- Jaish-e-Mohammed will be renamed Al-Murabitun for its Pakistan operations only
- The group seeks to bypass sanctions restricting funding access
- Reports say the terror group now uses digital payments like e-wallets and UPI to channel funds
Banned terrorist group Jaish-e-Mohammed will now be known as Al-Murabitun - which means 'defenders of Islam' in Arabic - within Pakistan, intel sources told NDTV this week. The new name will be used during the 'memorial' next week for Yusuf Azhar, the brother of founder Masood Azhar.
Sources said the group - responsible for the attack on the Indian Parliament in 2001, the 26/11 Mumbai attacks, and on the Army in Jammu and Kashmir's Uri and Pulwama - wants to de-link from the 'Jaish-e-Mohammed' name because sanctions make it difficult to access funding.
The name change, however, is only expected for its Pak operations, sources said.
A July report by the Financial Action Task Force, a global anti-terror funding watchdog, underlined the funding challenge facing the terrorist group. The FATF said the Jaish is now using digital payments, i.e., e-wallets and UPI transfers, to channel money into rebuilding itself.
According to the FATF five such e-wallets have been traced so far, and each has direct links to the terrorist group and members of founder Masood Azhar's family. The goal, reports indicate, is to raise nearly four billion Pak rupees to set up over 300 'markaz', i.e., hubs or training centres.

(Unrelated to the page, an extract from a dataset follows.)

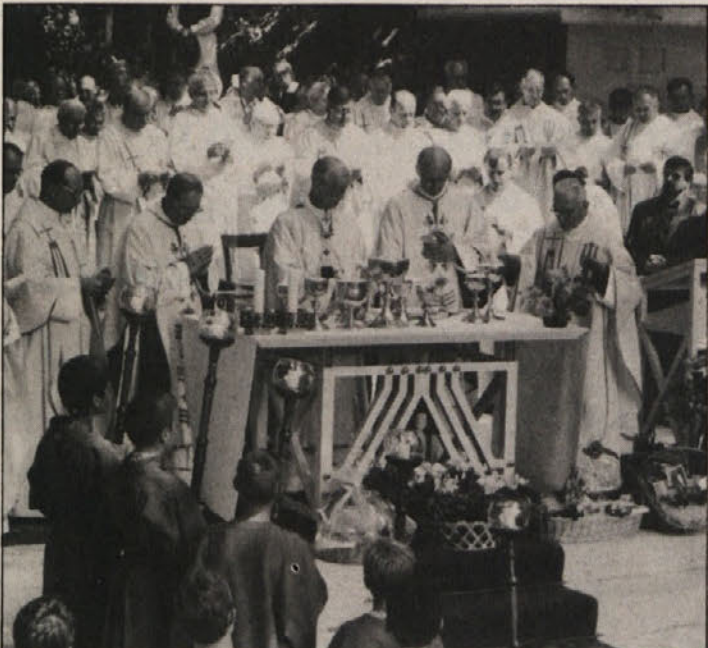
Letošnjega romarskega srečanja treh dežel na Rakovniku pri Ljubljani – mašo so darovali škofje iz Celovca, Vidma in Ljubljane (slika) – se je udeležilo nad pet tisoč vernikov.

Bogoslužje je bilo petjezično, kot zastopnika Koroške sta ga sooblikovala cerkvena zborna iz Kazaz in Šentpetra na Vašinjah.

Routing funding via digital wallets means Pak can say it has 'cut off' funding - via formalised means like bank transfers - and comply with FATF rules, but the Jaish still gets money.
NDTV this week accessed a dossier detailing re-building efforts by the Jaish after its base in Pak's Bahawalpur was destroyed by India during Operation Sindoor. India launched missile strikes against nine terrorist camps, including Bahawalpur, on May 7 in response to the Pahalgam terror attack.
READ | After Op Sindoor, Pak Terrorists Shif To This Remote Region To Rebuild
The dossier indicates the Jaish-e-Mohammed and other targeted terrorist groups, including Hafiz Saeed's Hizbul Mujahideen, have begun re-locating deeper into Pakistan, setting up bases in the Khyber Pakhtunkhwa province that shares an international border with Afghanistan.
As part of that rebuilding process the group is also on a recruitment drive; in fact, one such drive was conducted in Garhi Habibullah, a town in Mansehra district, on September 14.
The drive - headlined by Jaish commander Masood Ilyas Kashmiri, whose speech included exposing Pak's links with terror groups operating on its soil - was held seven hours before the India-Pakistan cricket match in Dubai, and included Pak Army and police providing protection.